Staff writer Rebecca Pollack sat down with Ferris to talk about his book and his life growing up in Mississippi.
ATTEND THE EVENT
Time: 6 p.m. to 8:30 p.m.
Location: The Friday Center
DAILY TAR HEEL: What was the inspiration for this book?
WILLIAM FERRIS: I was inspired by growing up on a farm in Mississippi and hearing spirituals in a little black church as a child.
As I grew older I realized there were no hymnals in the church, and when the families were no longer there, the music would disappear.
In high school, I began to record and photograph the church and the music and sermons, and that led later to photographing and interviewing blues singers and to a career as a folklorist and teaching.
Several years ago I decided to go back and publish the interviews I did with musicians with pictures and to edit those so that each voice would have its own chapter in the book with photographs and accompaniment.
DTH: Mississippi is your home state, so how did living there influence your desire to write this book?
WF: I felt that without me as a folklorist, these lives would be forgotten after their death.
I tell my students an African proverb that says, “When an old man or woman dies, a library burns to the ground.”
These people are my libraries, and their wisdom is what I try to share with my students in my classes.
DTH: What were the musicians like that you talked to?
WF: They were very thoughtful, sensitive people who took time to visit with me and to explain their music and their lives.
DTH: What kinds of interesting stories did they have?
WF: They told stories about their childhood, about religious conversions — seeing Jesus. They told stories about racial violence and their struggle as black people to survive white Mississippi.
DTH: Why is this book important to history and anyone who likes blues music?
WF: This book is important because it is a window into lives and souls of black musicians whose world is rarely captured within the library.
Their music and their lives are part of oral tradition, and this book captures that tradition through the printed interviews, the photographs, the sound recordings and the films, which are all included in the book.
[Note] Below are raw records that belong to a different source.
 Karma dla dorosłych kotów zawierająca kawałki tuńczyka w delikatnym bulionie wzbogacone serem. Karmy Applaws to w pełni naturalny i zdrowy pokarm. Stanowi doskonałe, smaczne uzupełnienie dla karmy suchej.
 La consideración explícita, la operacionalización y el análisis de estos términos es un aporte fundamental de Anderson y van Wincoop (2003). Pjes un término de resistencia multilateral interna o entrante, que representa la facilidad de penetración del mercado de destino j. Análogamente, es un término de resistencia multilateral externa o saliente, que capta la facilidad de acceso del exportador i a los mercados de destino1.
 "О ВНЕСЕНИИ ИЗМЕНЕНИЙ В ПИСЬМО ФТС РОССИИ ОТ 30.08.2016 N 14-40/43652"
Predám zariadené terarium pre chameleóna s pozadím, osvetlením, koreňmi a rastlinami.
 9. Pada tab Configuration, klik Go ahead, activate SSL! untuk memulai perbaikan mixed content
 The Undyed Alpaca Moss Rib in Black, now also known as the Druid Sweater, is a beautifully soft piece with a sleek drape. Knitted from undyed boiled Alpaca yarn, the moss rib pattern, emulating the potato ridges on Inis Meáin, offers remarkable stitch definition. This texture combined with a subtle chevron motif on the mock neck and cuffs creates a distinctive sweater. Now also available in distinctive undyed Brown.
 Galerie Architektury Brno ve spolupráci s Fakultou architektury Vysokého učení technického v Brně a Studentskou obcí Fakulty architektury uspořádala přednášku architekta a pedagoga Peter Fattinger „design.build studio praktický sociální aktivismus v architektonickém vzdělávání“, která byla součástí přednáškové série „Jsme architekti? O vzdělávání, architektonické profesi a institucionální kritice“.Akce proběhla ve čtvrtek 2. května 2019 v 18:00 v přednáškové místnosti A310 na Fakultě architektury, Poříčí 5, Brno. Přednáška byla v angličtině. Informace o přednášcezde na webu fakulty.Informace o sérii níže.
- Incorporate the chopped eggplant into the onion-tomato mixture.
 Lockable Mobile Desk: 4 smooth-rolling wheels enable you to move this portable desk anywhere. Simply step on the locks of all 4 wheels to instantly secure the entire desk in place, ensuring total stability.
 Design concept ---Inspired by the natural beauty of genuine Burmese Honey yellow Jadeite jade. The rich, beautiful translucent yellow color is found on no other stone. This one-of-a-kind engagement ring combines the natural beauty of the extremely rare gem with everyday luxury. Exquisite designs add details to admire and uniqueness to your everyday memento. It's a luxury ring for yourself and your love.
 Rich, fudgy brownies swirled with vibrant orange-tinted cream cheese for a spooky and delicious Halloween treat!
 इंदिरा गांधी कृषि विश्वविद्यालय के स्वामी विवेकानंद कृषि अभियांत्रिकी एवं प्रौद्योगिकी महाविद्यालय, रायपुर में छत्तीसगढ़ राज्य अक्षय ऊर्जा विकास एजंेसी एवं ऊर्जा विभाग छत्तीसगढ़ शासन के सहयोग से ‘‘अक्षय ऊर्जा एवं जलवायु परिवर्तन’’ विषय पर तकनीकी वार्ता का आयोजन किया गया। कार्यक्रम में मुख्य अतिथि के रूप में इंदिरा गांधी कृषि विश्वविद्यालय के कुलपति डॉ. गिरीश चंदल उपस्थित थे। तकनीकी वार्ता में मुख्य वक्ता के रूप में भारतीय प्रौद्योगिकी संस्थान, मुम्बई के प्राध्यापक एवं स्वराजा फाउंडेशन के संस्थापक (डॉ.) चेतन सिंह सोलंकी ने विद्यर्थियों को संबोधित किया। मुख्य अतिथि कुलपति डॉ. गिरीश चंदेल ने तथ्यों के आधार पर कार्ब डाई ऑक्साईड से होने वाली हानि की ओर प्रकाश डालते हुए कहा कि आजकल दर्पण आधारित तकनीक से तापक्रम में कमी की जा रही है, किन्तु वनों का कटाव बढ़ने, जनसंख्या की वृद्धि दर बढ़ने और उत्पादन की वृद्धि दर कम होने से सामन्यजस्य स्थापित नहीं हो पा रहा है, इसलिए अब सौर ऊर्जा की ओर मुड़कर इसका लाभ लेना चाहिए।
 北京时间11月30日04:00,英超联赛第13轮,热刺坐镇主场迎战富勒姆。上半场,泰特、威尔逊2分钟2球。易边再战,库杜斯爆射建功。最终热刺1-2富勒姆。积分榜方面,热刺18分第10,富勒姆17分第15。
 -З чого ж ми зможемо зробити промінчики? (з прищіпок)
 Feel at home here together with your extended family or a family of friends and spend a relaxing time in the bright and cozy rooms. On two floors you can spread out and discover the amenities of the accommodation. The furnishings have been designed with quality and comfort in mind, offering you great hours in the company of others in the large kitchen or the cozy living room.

DTH: You say that this culture was off limits to you. What was it like being a white Mississippian who enjoyed this aspect of culture?
WF: I felt very privileged. I felt I had been given a special blessing to be allowed into the homes of the musicians and to share meals and to party with them.
The culture was off limits because of the Jim Crow apartheid system that existed in Mississippi in the 1960s. It was dangerous for white and black people to be together during that period.
DTH: How was it inspiring, talking to the musicians?
WF: It was inspiring to me because they opened my eyes to a world I had never known as a white Mississippian.
They led me to a different space, and through the work I did for this book, I discovered those worlds, which were very powerful.